Tile-level tasks evaluation methodology
For each task, we learn a linear classifier by minimizing the cross-entropy loss with SGD, with a constant learning rate and a batch size of 256. We select the following hyperparameters by 5-fold cross validation while minimizing the binary cross-entropy:
- Learning rate in {1e-2, 5e-3, 2e-3, 1e-3, 1e-4}
- Number of training steps in [100, 200, …, 12500]
To ensure convergence, a different set of learning rates is used for CONCH: {5e-1, 2e-1, 1e-1, 5e-2, 2e-2, 1e-2, 1e-3} while keeping the same number of training steps.For the sake of robustness, the above procedure is repeated 3 times with different PyTorch seeds. The values reported in the table are the average metrics of the 3*5=15 linear classifiers. Standard deviations are reported on the average of the metrics for each seed, computed across all seeds.
Acknowledgments
This project was partially supported by computational and storage resources from the GENCI at IDRIS, thanks to the grant 2024-GC011015442 on the supercomputer Jean Zay's H100 partition.
The results published here are partly based upon data generated by the TCGA Research Network: https://www.cancer.gov/tcga.

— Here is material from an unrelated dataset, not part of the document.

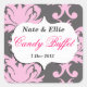 Pegatina de bufés de damasquín rosa y gris. Ideal para bufés de caramelos o mesas de quequitos en bodas, fiestas de cumpleaños, duchas para bebés, Comunión, confirmaciones y mucho más! El diseño presenta el fondo con la huella de damasco rosa en el fondo gris pizarra. ¡Una etiqueta de corchete en blanco es la que más ha elegido!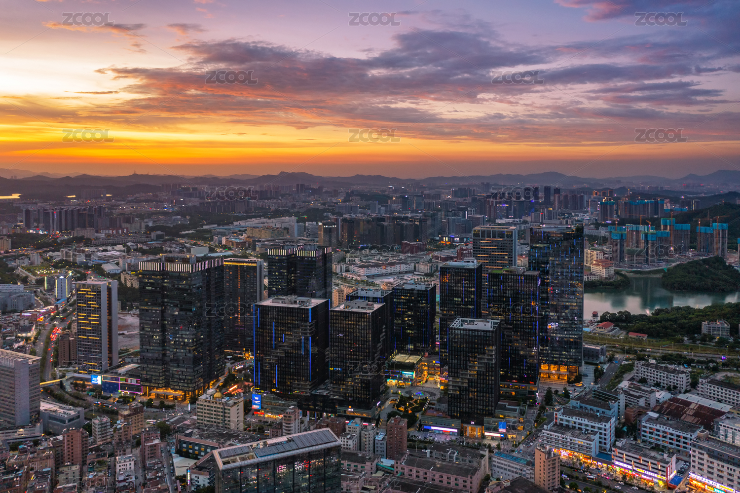 廣東深圳坂田天安云谷天際線火燒云晚霞夜景

Part of data used in this report were generated by the National Cancer Institute Clinical Proteomic Tumor Analysis Consortium (CPTAC):
National Cancer Institute Clinical Proteomic Tumor Analysis Consortium (CPTAC). (2020). The Clinical Proteomic Tumor Analysis Consortium Colon Adenocarcinoma Collection (CPTAC-COAD) (Version 1) [Data set]. The Cancer Imaging Archive. https://doi.org/10.7937/TCIA.YZWQ-ZZ63
The following datasets from TCIA were used in the benchmarks:
- Campanella, G., Hanna, M. G., Brogi, E., & Fuchs, T. J. (2019). Breast Metastases to Axillary Lymph Nodes [Data set]. The Cancer Imaging Archive. https://doi.org/10.7937/tcia.2019.3xbn2jcc
- Farahmand, Saman, Fernandez, Aileen I, Ahmed, Fahad Shabbir, Rimm, David L., Chuang, Jeffrey H., Reisenbichler, Emily, & Zarringhalam, Kourosh. (2022). HER2 and trastuzumab treatment response H&E slides with tumor ROI annotations (Version 3) [Data set]. The Cancer Imaging Archive. https://doi.org/10.7937/E65C-AM96
Regarding the PAIP2020 dataset: De-identified pathology images and annotations used in this research were prepared and provided by the Seoul National University Hospital by a grant of the Korea Health Technology R&D Project through the Korea Health Industry Development Institute (KHIDI), funded by the Ministry of Health & Welfare, Republic of Korea (grant number: HI18C0316).
1 On average, benchmarked against all other leading foundation models that were available at the time of the writing of this blog post.
2 Number of patients in the training set: UNI2-h:<350k, Virchow2: 225k, Hibou: 306k, ATLAS: 490k, Phikon-v2: <58k.